【視点】教えられる「優しさと勇敢さ」

 もう一つ、うれしいニュースがある。県紙報道によると、那覇市の高校3年生玉城弘次廊さん(17)はゴールデンウィーク中、旅行先の埼玉県越谷市で、偶然、民家の火災現場に遭遇。とっさの判断で、取り残された少女(16)を救うため、雨どいを伝って2階によじ登り、窓から少女を救出した。
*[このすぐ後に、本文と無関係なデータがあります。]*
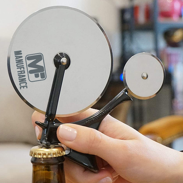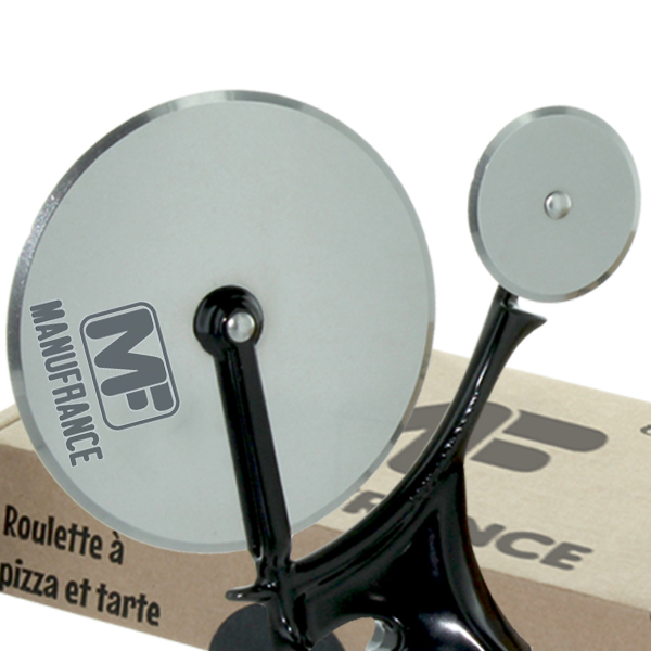 La solution ultime pour découper pizzas, tartes, flammekueches ... Une roulette à double lame, une grande pour découper et une petite pour couper la croûte, le trottoir ou les rebords dans les coins. En prime un décapsuleur ! Le tout éco-responsable, conçu et fabriqué en France évidemment ! Avec sa forme singulière qui n'est pas sans rappeler les vélos d'antan (les fameux Grand-Bi Manufrance) cette roulette à pizza à double lame circulaire aiguisée est conçu et pensé non seulement pour découper les pizzas mais aussi aux les quiches, flammekueches, lasagnes, sandwichs, gâteaux... La grande lame en inox alimentaire (Diamètre 90 mm.) est parfaite pour découper des parts généreuses et la petite lame (Diamètre 40 mm.) idéale pour couper la croûte fine ou épaisse, croustillante ou moelleuse dans les coins des plats ! Cerise sur le gâteau la roulette à pizza Manufrance est aussi équipé d'un décapsuleur intégré pour accompagner vos repas sans vous déshydrater ! Prise en main excellente grâce à sa "selle" ergonomique. Se pose à plat sur une table roulettes en l'air pour évitez miettes et salissures. Conception et fabrication 100 % française. Utilisation de matériaux en partie recyclés, recyclables, sans plastique et inoxydable faisant de son passage au lave vaisselle une simple formalité. Avec ses dimensions (17,5x3,5x13,5 cm. ) il trouvera facilement sa place dans un tiroir pour toujours demeurer à portée de main ! Livré dans sa boîte en carton style boite à pizza !
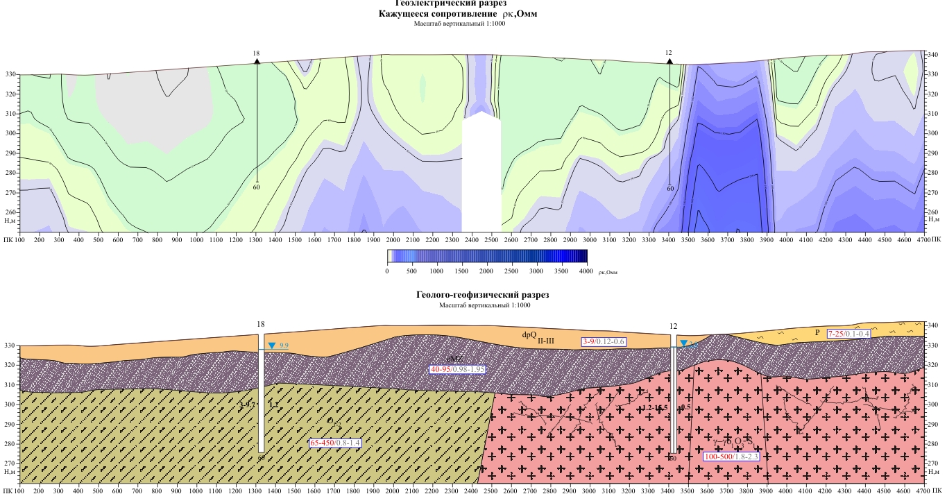 Достаточно плотные системы наблюдения данных позволяют получить практически идеальную модель сопротивления с использованием 2D инверсии, которая затем увязывается с геологической основой разреза. Полученная модель практически сразу позволяет решить ряд инженерно-геологических задач, которые ставятся перед геофизиками:
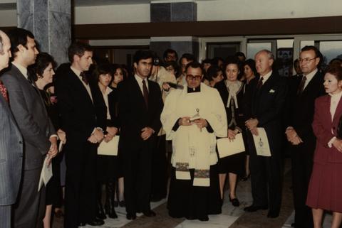 Imagem captada no hall de entrada do edifício atual da Escola de Enfermagem, onde se precede à bênção do mesmo.
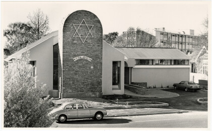 Exterior of the Durham Street Synagogue with a car passing along ...
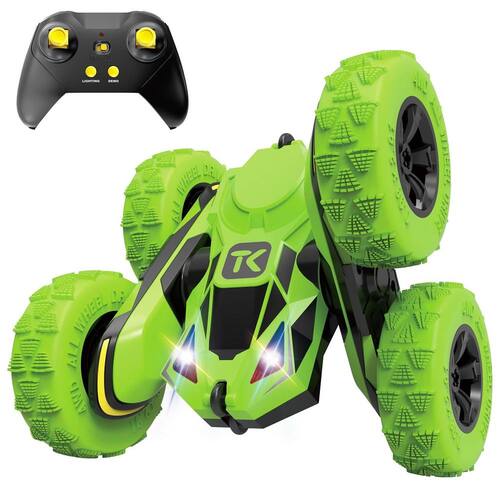 Threeking Rc Stunt Cars Presentes de brinquedo para meninos meninas a partir de 6 anos - Carro de acrobacia RC: além das habilidades básicas que os carros de controle remoto comuns devem ter, o carro pode cair no lugar a 360 graus e dirigir em dupla face. Quando o carro encontrar um pequeno obstáculo, use o controle remoto para fazer o carro rolar ou a condução frente e verso pode passar facilmente por obstáculos, esta função também pode reverter repentinamente em movimento rápido para fazer o carro de brinquedo se transformar instantaneamente em um carro de dança. - Antiinterferência: controles fáceis; longa distância e anti-interferência. Vários conjuntos de carrinhos de brinquedo podem competir juntos, e esses carros seguirão seu próprio caminho sem interferir um no outro. As crianças vão desfrutar de suas corridas e desafios únicos com seus amigos. - Vamos brincar juntos: o carro equipado com 2 motores elétricos potentes e 4 peças de pneus de borracha macia e elástica de alta qualidade (absorção de choque, antiderrapante, boa aderência). Quer estejamos em ambientes internos ou externos, para escolher o lugar certo, vamos lá, o carro de acrobacias trará uma experiência de condução diferente para seus filhos. - PARA SEGURANÇA: Plástico de alta qualidade e impressão adequada, para garantir que o material seja seguro, o carro é fixado com dezenas de parafusos e elementos eletrônicos de alta classe para garantir a segurança da estrutura do carro. Isso será mais adequado para seus filhos. - Para crianças: para melhorar a capacidade prática da criança e tornar a bateria mais segura durante o carregamento, abra a tampa da bateria na parte traseira do corpo do carro para remover a bateria e conecte-a ao carregador USB para carregar. A bateria recarregável de íons de lítio do carro tem potência de alta taxa, capacidade suficiente. ***A bateria do controle remoto não está incluída!! Bons presentes para crianças a partir de 6 anos.

 玉城さんに対し、越谷市は近く感謝状を贈呈するという。
 危険を顧みず、身を挺して他人の危機を救った玉城さんの勇敢さは称賛に値する。
 本土では沖縄の人というと、日焼けした、たくましい姿を連想しがちのようだ。歴史を振り返ると、かつての琉球王国時代、沖縄の人たちは荒海を乗り越え、東南アジア諸国、日本、朝鮮と活発に交易を行った。琉球の「大交易時代」とも呼ばれる。ロマンを求める冒険家の姿そのものだ。
 「琉球国は南海の勝地にして三韓の秀を鍾め、大明を以て輔車となし、日域を以て脣歯となす」という万国津梁の鐘の銘文は、大国に挟まれながらも堂々と渡り合い、独自の存在感を発揮した琉球王国の誇りを表す言葉として有名だ。
 沖縄の人たちは平和を愛するというイメージが定着しているが、もともとの県民性は、むしろ「武」という言葉がふさわしい。武器を持たず、素手で危機に立ち向かう空手は、今や一つの文化として沖縄から世界に発信されている。
 「令和」の新時代も、優しさと勇敢さを兼ね備えた沖縄県民でありたい。はつらつとした若者たちの姿は、そのことを教えてくれる。